The broader benefits of this project include advancing the field of reliable computing, promoting energy-efficient technologies, and supporting education by making cutting-edge resilience techniques accessible to software developers and classrooms. Ultimately, this work contributes to the creation of more robust and efficient computing systems that can handle the increasing demands of modern technology, benefiting industries, education, and society as a whole.

This project aims to address the increasing vulnerability of HPC systems to transient hardware faults, or soft errors, which are exacerbated by larger system scales, advanced technology scaling, and lower operating voltages. Traditional hardware-only solutions such as dual modular redundancy are becoming less viable due to their high energy consumption, making it essential for future HPC applications to tolerate such faults.

The project focuses on developing a compiler-directed framework that rapidly and accurately models error propagation, identifying and protecting only the most vulnerable program states to minimize performance and energy overheads.

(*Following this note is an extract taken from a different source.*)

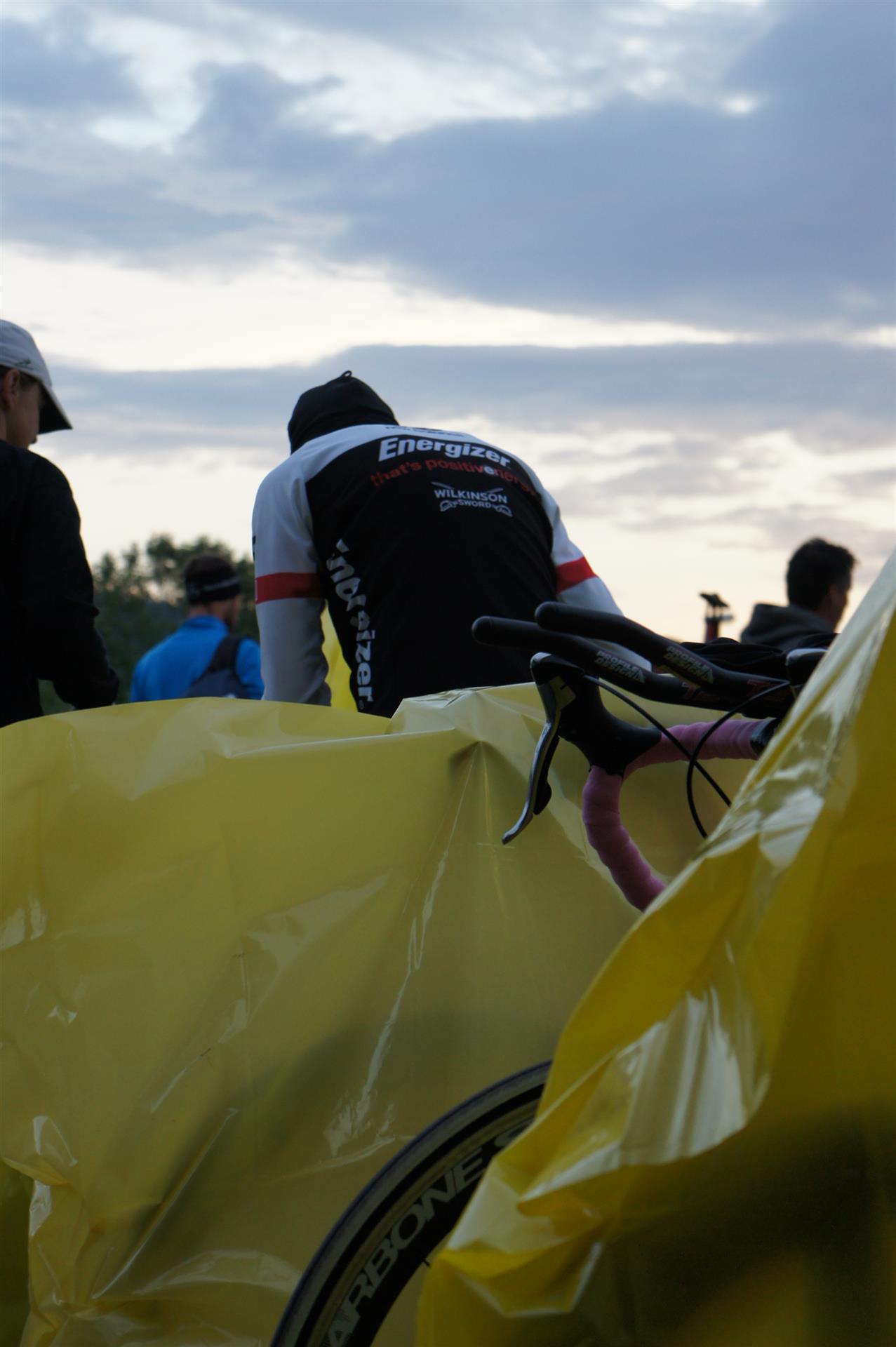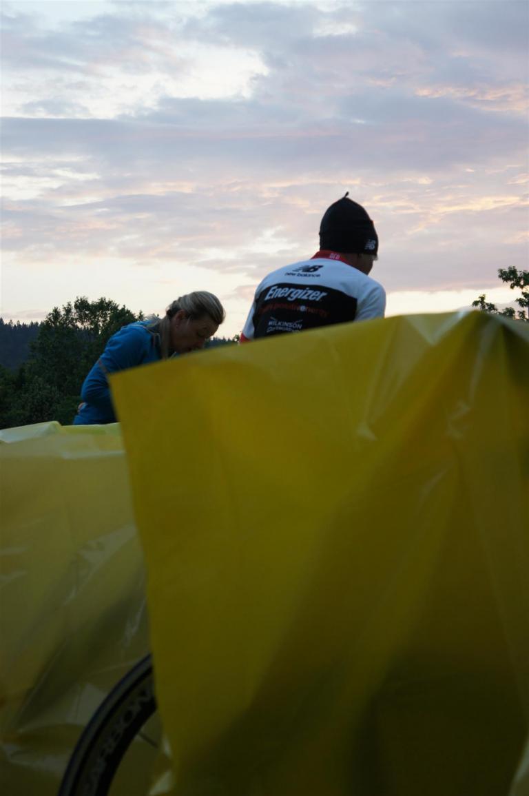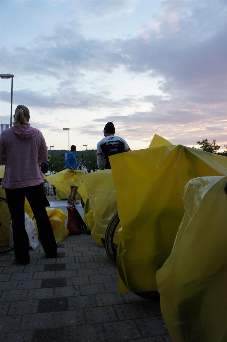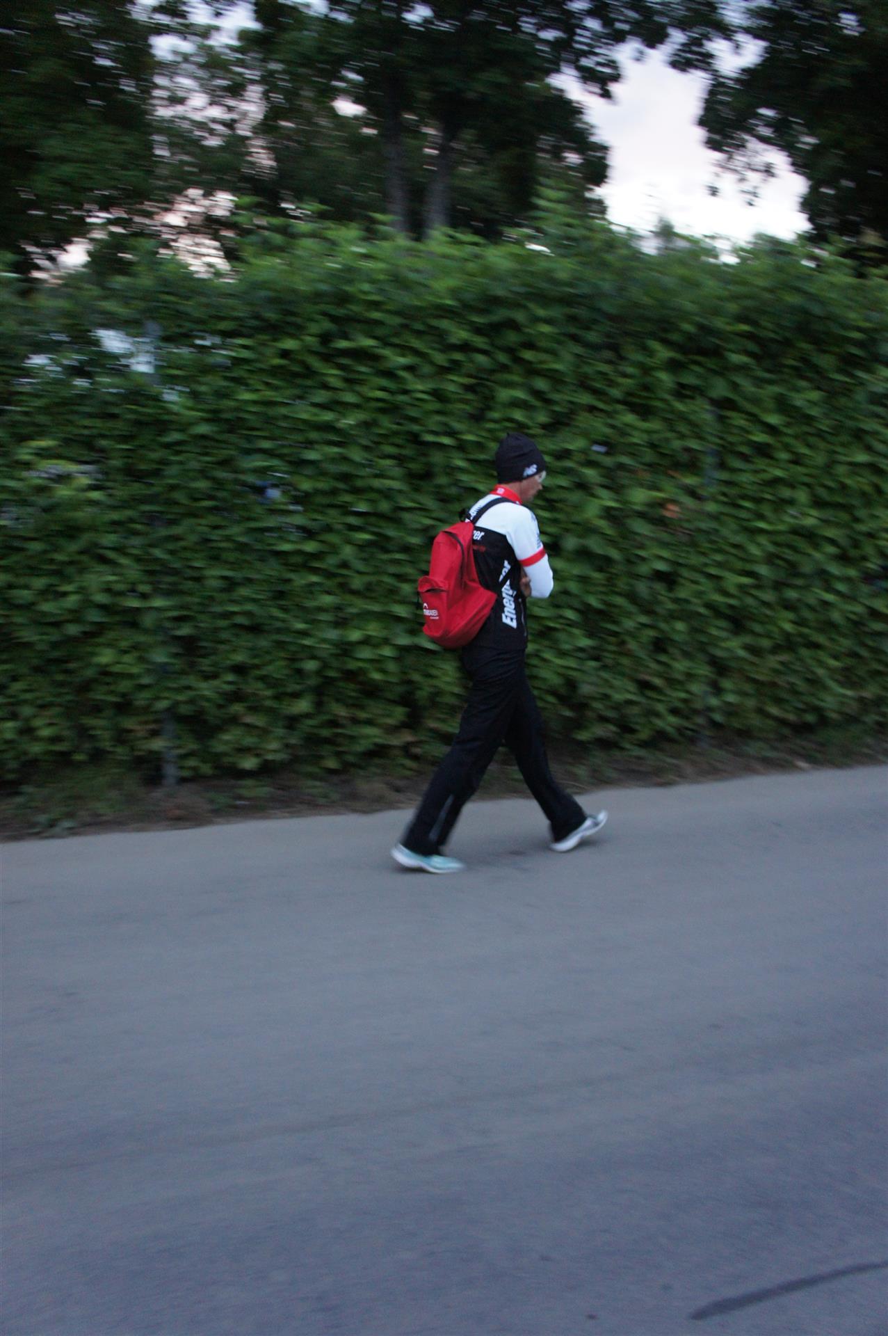 Nach einer Schwimmzeit von 1 Stunde und 11 Minuten verlasse ich das Wasser. Ich bin zufrieden mit meiner Zeit. Der Weg vom Schwimmausstieg bis in die Wechselzone ist relativ lange. Man hat ausreichend Zeit den Neoprenanzug etwas auszuziehen.

The project involves integrating static program analysis, dynamic input fuzzing, program invariants, redundancy, and compiler code transformations to create an efficient protection strategy.

By automating the process of hardening programs to meet specific reliability targets, the investigator aims to advance the field of reliable computing, reducing the barriers to implementing resilience techniques in HPC systems, and contributing to the development of energy-efficient, fault-tolerant software.

This project is jointly funded by the Software and Hardware Foundations Program, the Office of Advanced Cyberinfrastructure, and the Established Program to Stimulate Competitive Research (EPSCoR) Program.

This award reflects NSF's statutory mission and has been deemed worthy of support through evaluation using the Foundation's intellectual merit and broader impacts review criteria.